### WHAT THIS TASK INVOLVES:
Each record must be printed again exactly as given.

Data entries
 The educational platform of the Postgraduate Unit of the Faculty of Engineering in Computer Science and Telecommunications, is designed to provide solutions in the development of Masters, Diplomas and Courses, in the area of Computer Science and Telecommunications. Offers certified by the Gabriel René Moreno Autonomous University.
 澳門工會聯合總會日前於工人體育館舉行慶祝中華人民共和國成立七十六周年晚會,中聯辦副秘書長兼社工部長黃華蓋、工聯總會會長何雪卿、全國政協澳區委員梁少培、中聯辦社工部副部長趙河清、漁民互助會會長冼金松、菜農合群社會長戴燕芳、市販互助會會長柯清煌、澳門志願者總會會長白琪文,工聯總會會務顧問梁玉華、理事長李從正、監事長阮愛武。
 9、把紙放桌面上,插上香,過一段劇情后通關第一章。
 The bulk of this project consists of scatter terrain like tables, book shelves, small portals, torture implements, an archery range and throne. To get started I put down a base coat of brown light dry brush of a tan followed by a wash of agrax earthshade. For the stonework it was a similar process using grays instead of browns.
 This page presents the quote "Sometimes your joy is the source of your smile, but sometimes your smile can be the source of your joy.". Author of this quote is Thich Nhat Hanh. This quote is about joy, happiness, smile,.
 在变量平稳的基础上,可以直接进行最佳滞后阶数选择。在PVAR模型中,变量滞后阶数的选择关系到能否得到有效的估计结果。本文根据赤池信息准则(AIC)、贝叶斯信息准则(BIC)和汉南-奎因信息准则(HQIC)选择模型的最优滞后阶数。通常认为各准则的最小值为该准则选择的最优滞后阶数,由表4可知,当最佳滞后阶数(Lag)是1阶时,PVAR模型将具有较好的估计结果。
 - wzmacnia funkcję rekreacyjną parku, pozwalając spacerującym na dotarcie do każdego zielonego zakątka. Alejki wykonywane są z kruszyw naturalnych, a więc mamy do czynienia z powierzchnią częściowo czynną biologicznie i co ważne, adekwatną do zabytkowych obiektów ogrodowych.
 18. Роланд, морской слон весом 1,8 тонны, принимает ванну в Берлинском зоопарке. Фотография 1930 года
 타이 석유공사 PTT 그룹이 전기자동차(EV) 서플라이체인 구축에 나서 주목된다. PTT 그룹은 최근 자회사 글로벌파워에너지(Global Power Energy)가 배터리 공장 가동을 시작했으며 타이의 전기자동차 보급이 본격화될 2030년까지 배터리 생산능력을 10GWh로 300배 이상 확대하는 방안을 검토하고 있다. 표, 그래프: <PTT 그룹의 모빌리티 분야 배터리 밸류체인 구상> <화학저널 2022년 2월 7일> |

### TASK SOLUTION:
 The educational platform of the Postgraduate Unit of the Faculty of Engineering in Computer Science and Telecommunications, is designed to provide solutions in the development of Masters, Diplomas and Courses, in the area of Computer Science and Telecommunications. Offers certified by the Gabriel René Moreno Autonomous University.
 澳門工會聯合總會日前於工人體育館舉行慶祝中華人民共和國成立七十六周年晚會,中聯辦副秘書長兼社工部長黃華蓋、工聯總會會長何雪卿、全國政協澳區委員梁少培、中聯辦社工部副部長趙河清、漁民互助會會長冼金松、菜農合群社會長戴燕芳、市販互助會會長柯清煌、澳門志願者總會會長白琪文,工聯總會會務顧問梁玉華、理事長李從正、監事長阮愛武。
 9、把紙放桌面上,插上香,過一段劇情后通關第一章。
 The bulk of this project consists of scatter terrain like tables, book shelves, small portals, torture implements, an archery range and throne. To get started I put down a base coat of brown light dry brush of a tan followed by a wash of agrax earthshade. For the stonework it was a similar process using grays instead of browns.
 This page presents the quote "Sometimes your joy is the source of your smile, but sometimes your smile can be the source of your joy.". Author of this quote is Thich Nhat Hanh. This quote is about joy, happiness, smile,.
 在变量平稳的基础上,可以直接进行最佳滞后阶数选择。在PVAR模型中,变量滞后阶数的选择关系到能否得到有效的估计结果。本文根据赤池信息准则(AIC)、贝叶斯信息准则(BIC)和汉南-奎因信息准则(HQIC)选择模型的最优滞后阶数。通常认为各准则的最小值为该准则选择的最优滞后阶数,由表4可知,当最佳滞后阶数(Lag)是1阶时,PVAR模型将具有较好的估计结果。
 - wzmacnia funkcję rekreacyjną parku, pozwalając spacerującym na dotarcie do każdego zielonego zakątka. Alejki wykonywane są z kruszyw naturalnych, a więc mamy do czynienia z powierzchnią częściowo czynną biologicznie i co ważne, adekwatną do zabytkowych obiektów ogrodowych.
 18. Роланд, морской слон весом 1,8 тонны, принимает ванну в Берлинском зоопарке. Фотография 1930 года
 타이 석유공사 PTT 그룹이 전기자동차(EV) 서플라이체인 구축에 나서 주목된다. PTT 그룹은 최근 자회사 글로벌파워에너지(Global Power Energy)가 배터리 공장 가동을 시작했으며 타이의 전기자동차 보급이 본격화될 2030년까지 배터리 생산능력을 10GWh로 300배 이상 확대하는 방안을 검토하고 있다. 표, 그래프: <PTT 그룹의 모빌리티 분야 배터리 밸류체인 구상> <화학저널 2022년 2월 7일> |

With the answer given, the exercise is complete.